● **DATA FOR THIS TASK**:
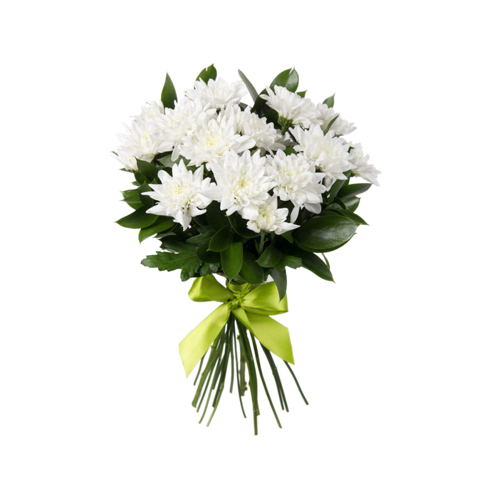 Букет малый «Белый ангел» – скульптурная чистота белых хризантем
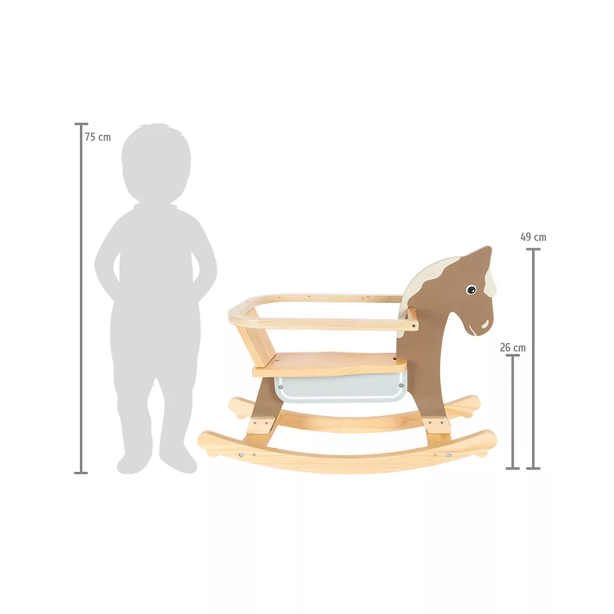 ¡Vamos pequeños jinetes! El caballo balancín de madera maciza es robusto, estable y de una gran calidad. Las asas, el respaldo alto, los topes antivuelco en las correderas y el anillo de protección extraíble proporcionan apoyo y seguridad a los pequeños jinetes. El anillo incluido ofrece a los niños más pequeños la seguridad necesaria y evita que se caigan del caballo balancín. Para los niños mayores, la anilla protectora puede retirarse fácilmente para alargar la vida útil del balancín para así disfrutar de su caballo favorito más años. El caballo balancín combina diversión y juego con movimiento y entrenamiento de la motricidad. Un gran regalo para niñas y niños en su cumpleaños o para Navidad.
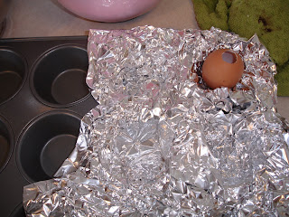 I've had my lovely Easter cupcakes picked out for months. I bought a 2 pound bag of lemons to make some amazing lemon meringue cupcakes. BUT then I came across the most intriguing post over on one of my favorite blogs cupcake project. They had themselves some cupcakes baked in egg shells. YES egg shells. I stopped dead in my tracks and was amazed! Who would have thought? Right? So since this seemed a lot more interesting than carrot or lemon cupcakes I started my hunt for the number one item on my list-speckled eggs. I really didn't think they would be that hard to find since Martha uses them and all. WRONG!!!! I checked every freakin store and one egg farm in town and found nothing close to speckled eggs. The closest thing I came too was brown eggs with slight spots on top. I gave up and just bought some brown eggs at Freddy's. Now onto the second part of this baking extravaganza the batter. What should I use? I started off with some red velvet dyed purple... Yes the batter was purple but after it's baked it looked like plain chocolate cupcakes. This was not good enough so on to the second plan-marble cupcakes-which is vanilla and chocolate batters separated and then swished together to make a pretty pattern. Perfect! Other than over filling these suckers they turned out great. The only thing I would do differently is some how give them a filling. Maybe next time... Anyways grab some lovely eggs and you're favorite cupcake recipe and give these a try. They will be a huge hit!
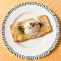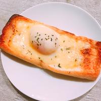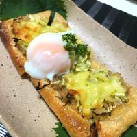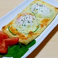 - 2 アルミホイルを敷いた天板に油揚げをのせ、1を塗り、温泉卵とピザ用チーズをのせます。
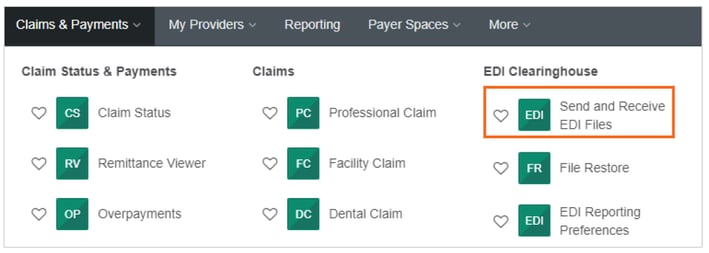 2. Click on Claims & Payments, then select Send and Receive EDI Files.
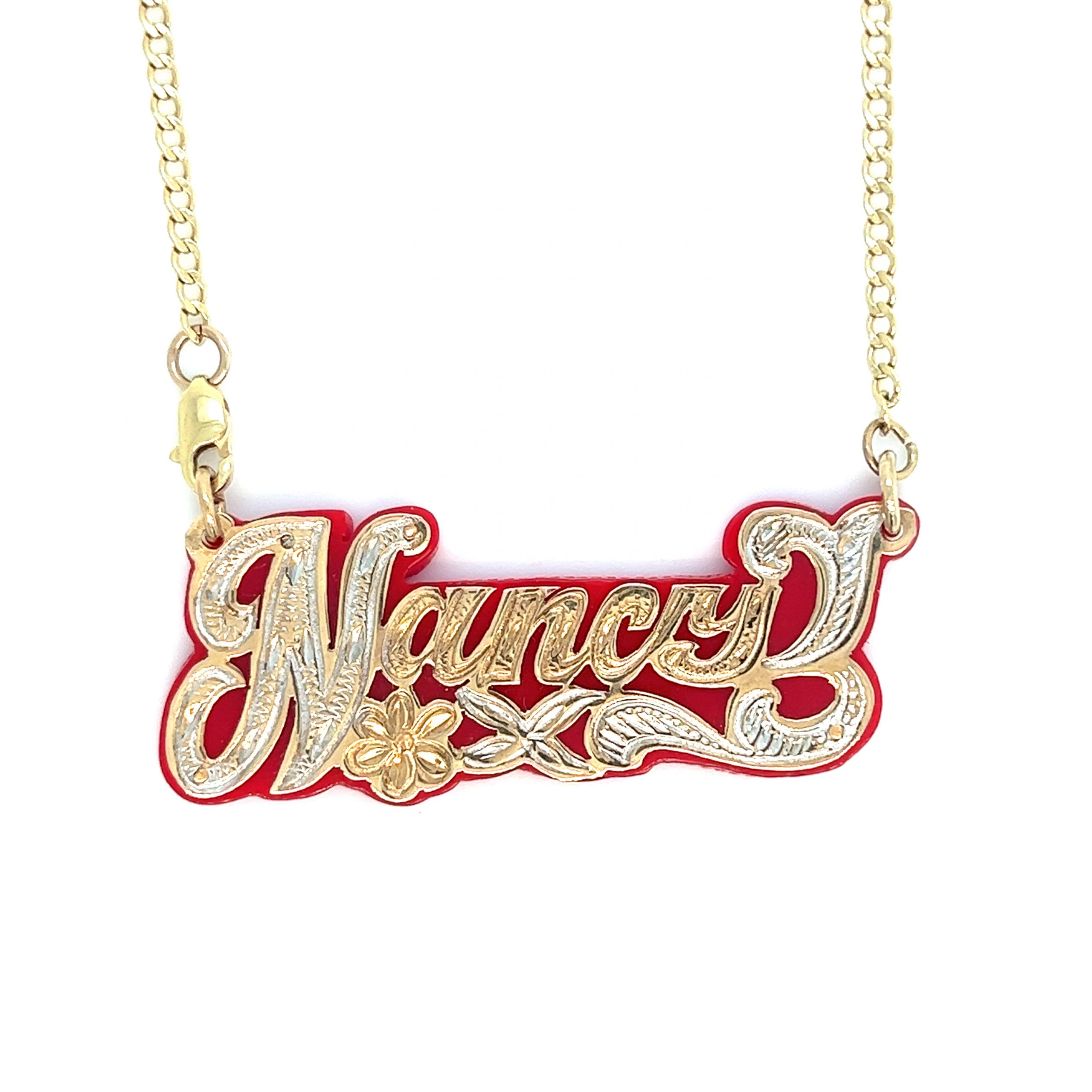 Own a one of a kind custom hand made nameplate necklace. This design can be made in your name or any name of your choice. Its completely hand made from scratch. The attention to detail really comes out as compared to a machine made one that looks bland and no design. This particular designs come in yellow and white gold with hand carved diamond cuts throughout the piece to give it a beautiful luster and shine while making the nameplate really stand out. An added touch of a colored stone background, with your choice of color. This a more simple single plate design. buy a chain or attach your own. Available in 10k and 14k pure gold.? Please allow 7-10 business days for your handmade order to ship.

● **HOW TO COMPLETE THIS TASK**: Nothing but the lines from the one holding "2. Click on" through the final line of the records above belongs in the answer, each retyped exactly; omit the pictures.

● **EXPECTED OUTPUT**:
 2. Click on Claims & Payments, then select Send and Receive EDI Files.
 Own a one of a kind custom hand made nameplate necklace. This design can be made in your name or any name of your choice. Its completely hand made from scratch. The attention to detail really comes out as compared to a machine made one that looks bland and no design. This particular designs come in yellow and white gold with hand carved diamond cuts throughout the piece to give it a beautiful luster and shine while making the nameplate really stand out. An added touch of a colored stone background, with your choice of color. This a more simple single plate design. buy a chain or attach your own. Available in 10k and 14k pure gold.? Please allow 7-10 business days for your handmade order to ship.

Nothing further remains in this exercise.